Edit Distance Algorithms

Levenshtein

Counts minimum edits (insert, delete, substitute) to transform one string to another.

import fuzzyrust as fr

# Distance (lower = more similar)
fr.levenshtein("kitten", "sitting")  # 3

# Similarity (higher = more similar)
fr.levenshtein_similarity("kitten", "sitting")  # 0.57

# With max distance threshold (faster for filtering)
fr.levenshtein_bounded("hello", "world", max_distance=2)  # None (exceeds threshold)

Damerau-Levenshtein

Like Levenshtein but also counts transpositions as single edits.

# "ab" -> "ba" is 1 edit (transposition), not 2
fr.damerau_levenshtein("ab", "ba")  # 1
fr.levenshtein("ab", "ba")  # 2

Token-Based Algorithms

Jaro-Winkler

Optimized for short strings like names. Gives higher scores to strings with matching prefixes.

fr.jaro_winkler("MARTHA", "MARHTA")  # 0.961
fr.jaro("MARTHA", "MARHTA")  # 0.944

# Adjust prefix weight (default 0.1)
fr.jaro_winkler("MARTHA", "MARHTA", prefix_weight=0.2)

Set-Based Algorithms

N-gram Similarity

Compares strings by their overlapping n-grams (character sequences).

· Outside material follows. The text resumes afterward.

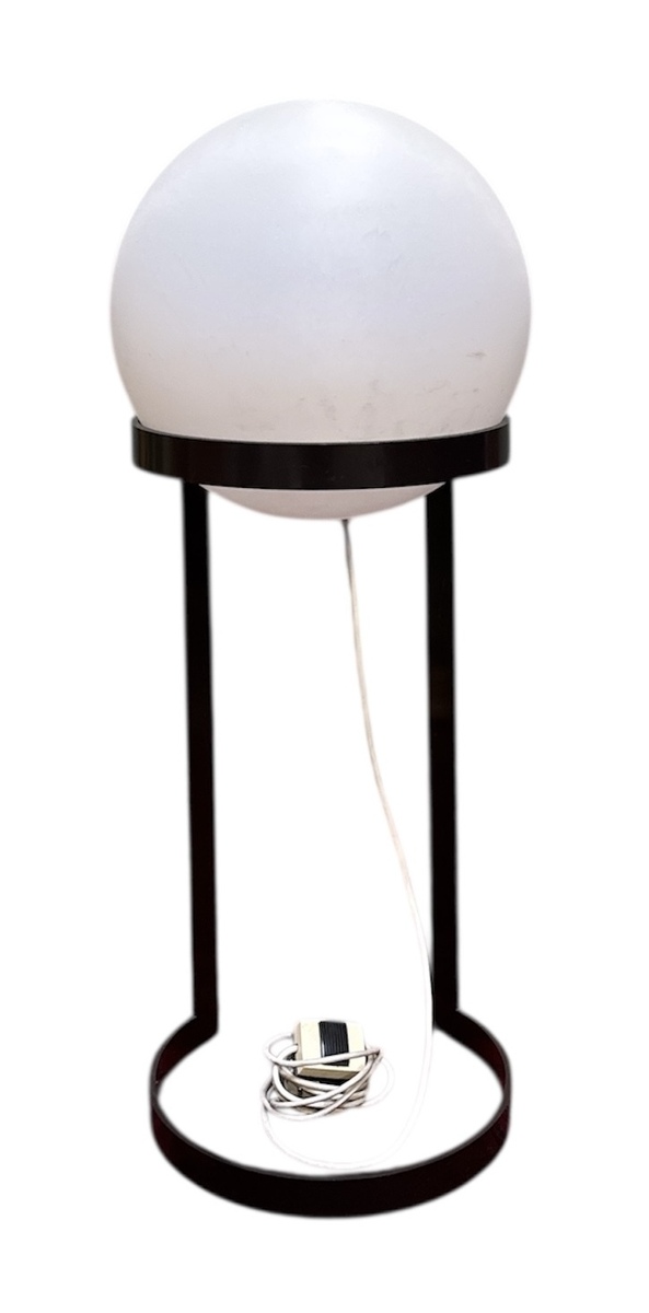 Space Age vloerlamp, vervaardigd uit verchroomd metaal met een melkglazen kap. De lamp toont een gestroomlijnde vormgeving met een karakteristieke trompetvoet en een slanke opgaande stam. Daterend uit de jaren zestig/zeventig van de twintigste eeuw, Europese herkomst.

# Default uses bigrams (n=2)
fr.ngram_similarity("hello", "hallo")  # 0.5

# Trigrams
fr.ngram_similarity("hello", "hallo", ngram_size=3)  # 0.33

# Dice coefficient (default) vs Jaccard
fr.dice_coefficient("night", "nacht")
fr.jaccard_similarity("night", "nacht")

Cosine Similarity

Vector-space model comparing term frequencies.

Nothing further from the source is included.